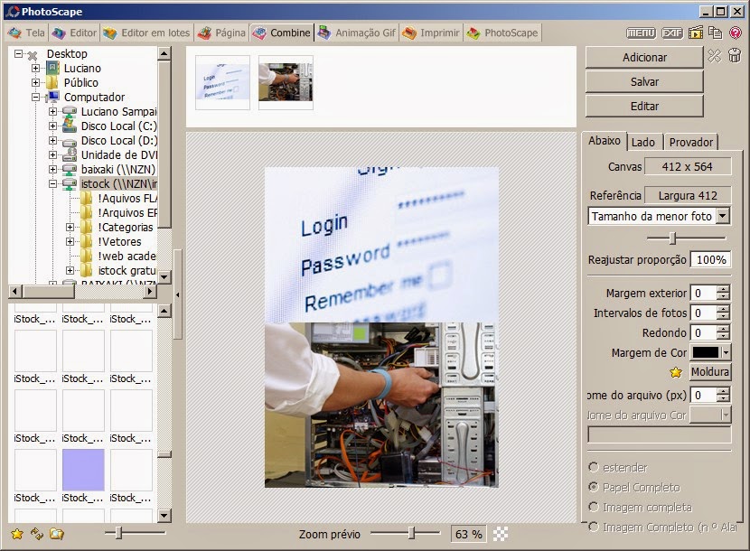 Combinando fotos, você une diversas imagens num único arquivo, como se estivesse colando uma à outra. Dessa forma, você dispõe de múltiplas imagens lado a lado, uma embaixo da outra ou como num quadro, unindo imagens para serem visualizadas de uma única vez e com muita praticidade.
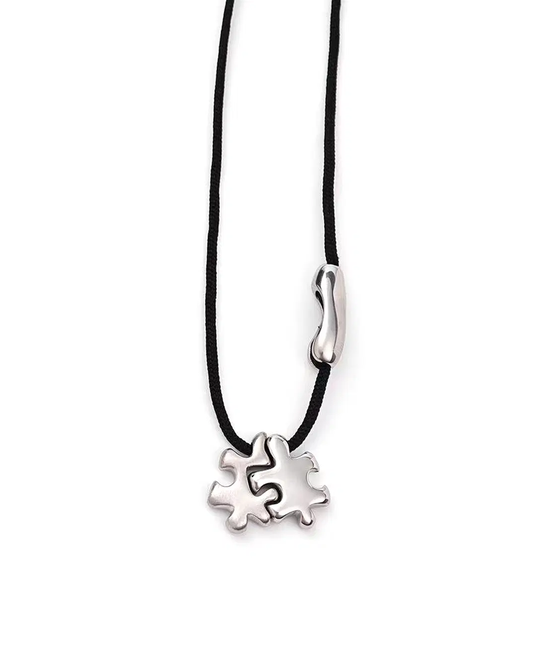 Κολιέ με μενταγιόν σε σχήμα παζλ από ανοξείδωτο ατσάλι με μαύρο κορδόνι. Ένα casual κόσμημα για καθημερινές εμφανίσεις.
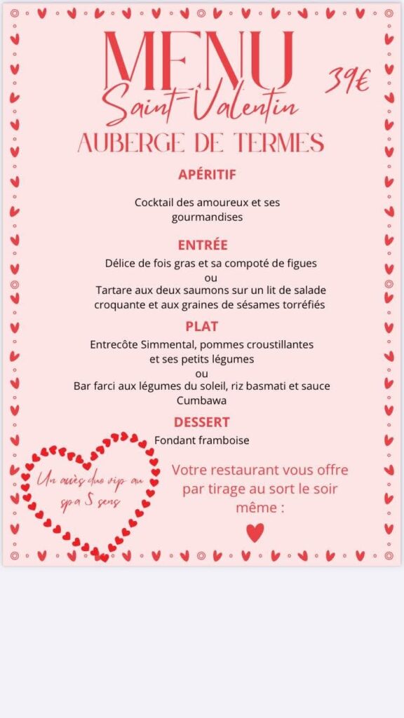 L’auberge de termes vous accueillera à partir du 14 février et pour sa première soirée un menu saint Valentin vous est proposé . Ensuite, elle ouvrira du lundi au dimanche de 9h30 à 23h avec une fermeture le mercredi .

▸ EXERCISE DIRECTIONS:
From the line containing "Κολιέ με μενταγιόν" to the final line above, both included, transcribe every line exactly and leave all pictures out.

▸ RESPONSE BOX:
 Κολιέ με μενταγιόν σε σχήμα παζλ από ανοξείδωτο ατσάλι με μαύρο κορδόνι. Ένα casual κόσμημα για καθημερινές εμφανίσεις.
 L’auberge de termes vous accueillera à partir du 14 février et pour sa première soirée un menu saint Valentin vous est proposé . Ensuite, elle ouvrira du lundi au dimanche de 9h30 à 23h avec une fermeture le mercredi .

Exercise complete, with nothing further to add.